Assignment:
Can you transcribe every entry word for word, skipping the images?
─── Records shown ───
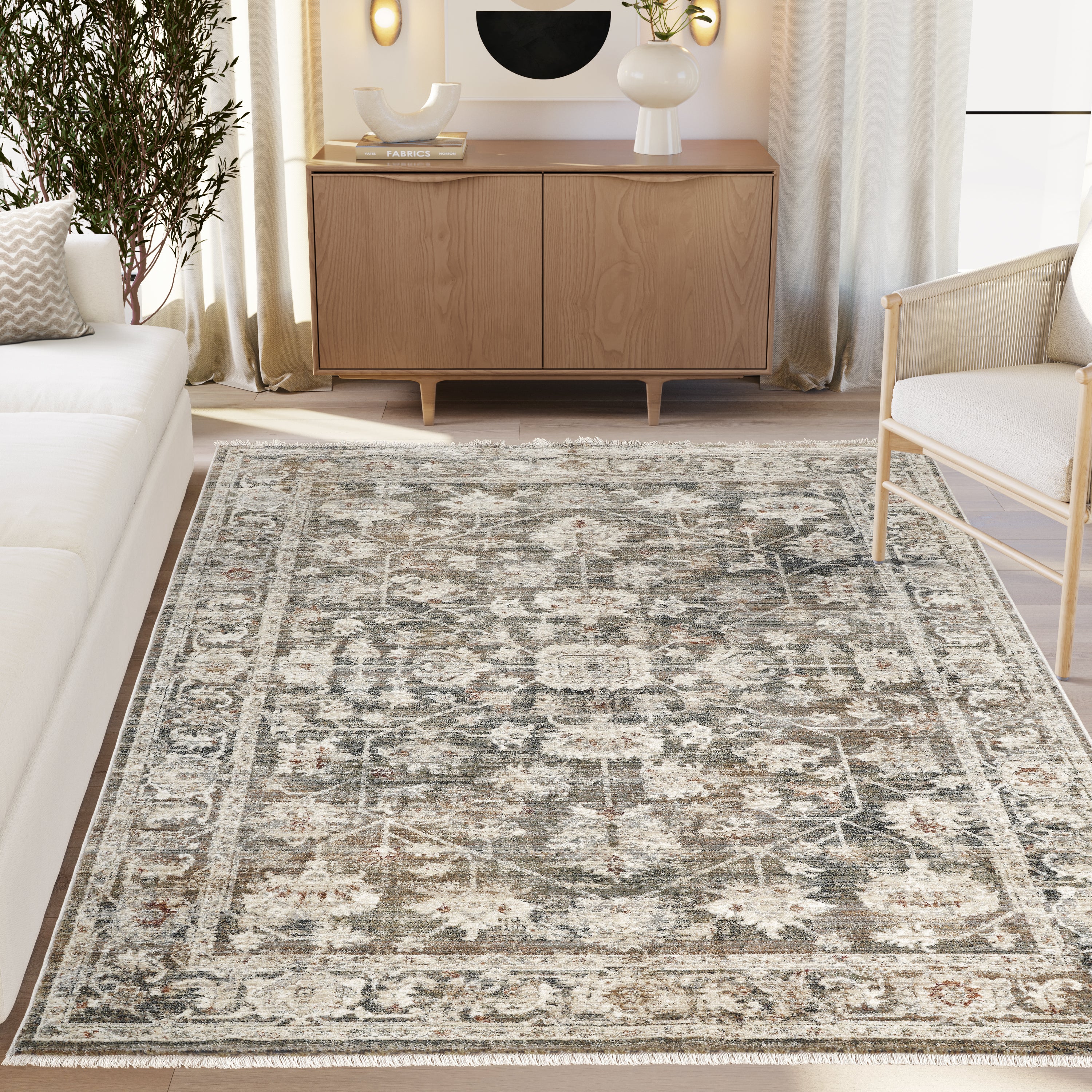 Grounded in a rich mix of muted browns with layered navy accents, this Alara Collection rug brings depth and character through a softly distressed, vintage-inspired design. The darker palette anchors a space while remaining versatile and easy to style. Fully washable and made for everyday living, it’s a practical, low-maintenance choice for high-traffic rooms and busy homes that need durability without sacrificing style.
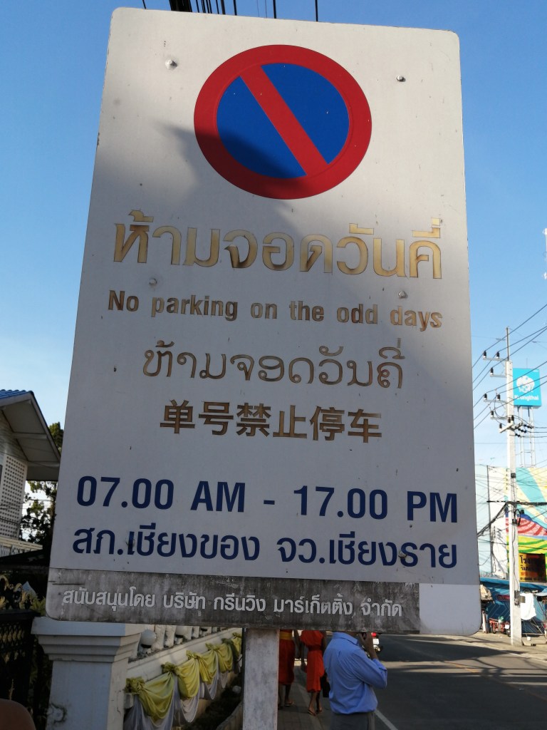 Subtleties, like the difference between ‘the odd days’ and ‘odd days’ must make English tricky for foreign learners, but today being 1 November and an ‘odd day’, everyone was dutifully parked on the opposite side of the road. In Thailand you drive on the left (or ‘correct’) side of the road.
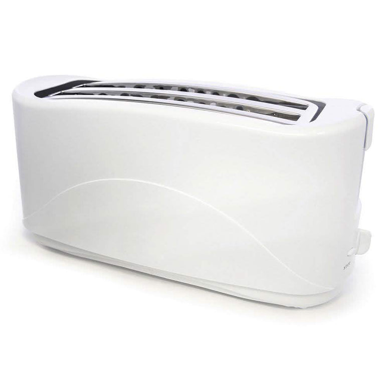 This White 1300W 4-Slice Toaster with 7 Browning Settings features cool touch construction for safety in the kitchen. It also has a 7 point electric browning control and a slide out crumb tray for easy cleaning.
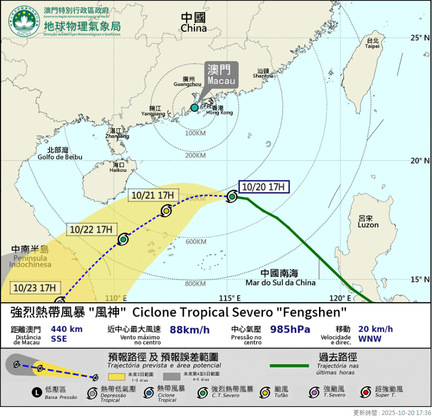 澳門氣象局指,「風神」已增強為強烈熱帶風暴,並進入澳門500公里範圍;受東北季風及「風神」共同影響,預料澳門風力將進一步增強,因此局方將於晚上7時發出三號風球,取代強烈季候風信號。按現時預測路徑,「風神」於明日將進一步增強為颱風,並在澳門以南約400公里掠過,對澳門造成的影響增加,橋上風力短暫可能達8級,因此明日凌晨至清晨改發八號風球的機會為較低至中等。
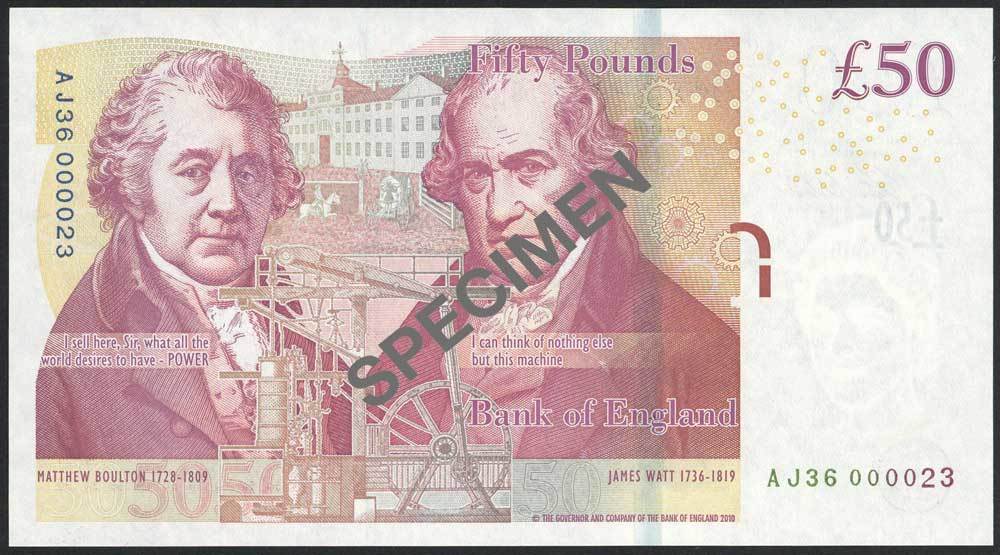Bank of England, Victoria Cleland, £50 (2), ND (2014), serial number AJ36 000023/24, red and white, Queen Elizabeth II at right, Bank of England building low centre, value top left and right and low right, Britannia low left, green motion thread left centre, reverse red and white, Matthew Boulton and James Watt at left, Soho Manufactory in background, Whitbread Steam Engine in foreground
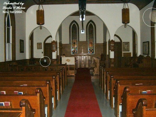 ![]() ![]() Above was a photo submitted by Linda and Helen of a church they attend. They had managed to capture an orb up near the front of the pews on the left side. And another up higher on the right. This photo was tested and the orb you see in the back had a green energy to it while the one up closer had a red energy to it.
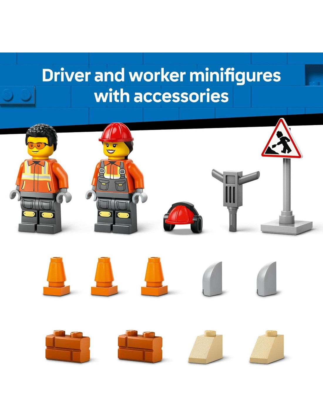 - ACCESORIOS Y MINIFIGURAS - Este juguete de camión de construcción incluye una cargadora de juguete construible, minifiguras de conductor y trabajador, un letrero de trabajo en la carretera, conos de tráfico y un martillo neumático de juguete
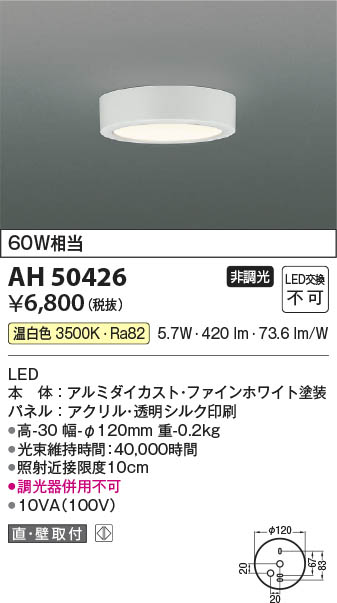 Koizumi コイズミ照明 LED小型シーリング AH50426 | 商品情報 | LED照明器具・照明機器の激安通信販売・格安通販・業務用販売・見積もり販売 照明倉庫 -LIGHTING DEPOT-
───
Response to this exercise:
 Grounded in a rich mix of muted browns with layered navy accents, this Alara Collection rug brings depth and character through a softly distressed, vintage-inspired design. The darker palette anchors a space while remaining versatile and easy to style. Fully washable and made for everyday living, it’s a practical, low-maintenance choice for high-traffic rooms and busy homes that need durability without sacrificing style.
 Subtleties, like the difference between ‘the odd days’ and ‘odd days’ must make English tricky for foreign learners, but today being 1 November and an ‘odd day’, everyone was dutifully parked on the opposite side of the road. In Thailand you drive on the left (or ‘correct’) side of the road.
 This White 1300W 4-Slice Toaster with 7 Browning Settings features cool touch construction for safety in the kitchen. It also has a 7 point electric browning control and a slide out crumb tray for easy cleaning.
 澳門氣象局指,「風神」已增強為強烈熱帶風暴,並進入澳門500公里範圍;受東北季風及「風神」共同影響,預料澳門風力將進一步增強,因此局方將於晚上7時發出三號風球,取代強烈季候風信號。按現時預測路徑,「風神」於明日將進一步增強為颱風,並在澳門以南約400公里掠過,對澳門造成的影響增加,橋上風力短暫可能達8級,因此明日凌晨至清晨改發八號風球的機會為較低至中等。
Bank of England, Victoria Cleland, £50 (2), ND (2014), serial number AJ36 000023/24, red and white, Queen Elizabeth II at right, Bank of England building low centre, value top left and right and low right, Britannia low left, green motion thread left centre, reverse red and white, Matthew Boulton and James Watt at left, Soho Manufactory in background, Whitbread Steam Engine in foreground
 ![]() ![]() Above was a photo submitted by Linda and Helen of a church they attend. They had managed to capture an orb up near the front of the pews on the left side. And another up higher on the right. This photo was tested and the orb you see in the back had a green energy to it while the one up closer had a red energy to it.
 - ACCESORIOS Y MINIFIGURAS - Este juguete de camión de construcción incluye una cargadora de juguete construible, minifiguras de conductor y trabajador, un letrero de trabajo en la carretera, conos de tráfico y un martillo neumático de juguete
 Koizumi コイズミ照明 LED小型シーリング AH50426 | 商品情報 | LED照明器具・照明機器の激安通信販売・格安通販・業務用販売・見積もり販売 照明倉庫 -LIGHTING DEPOT-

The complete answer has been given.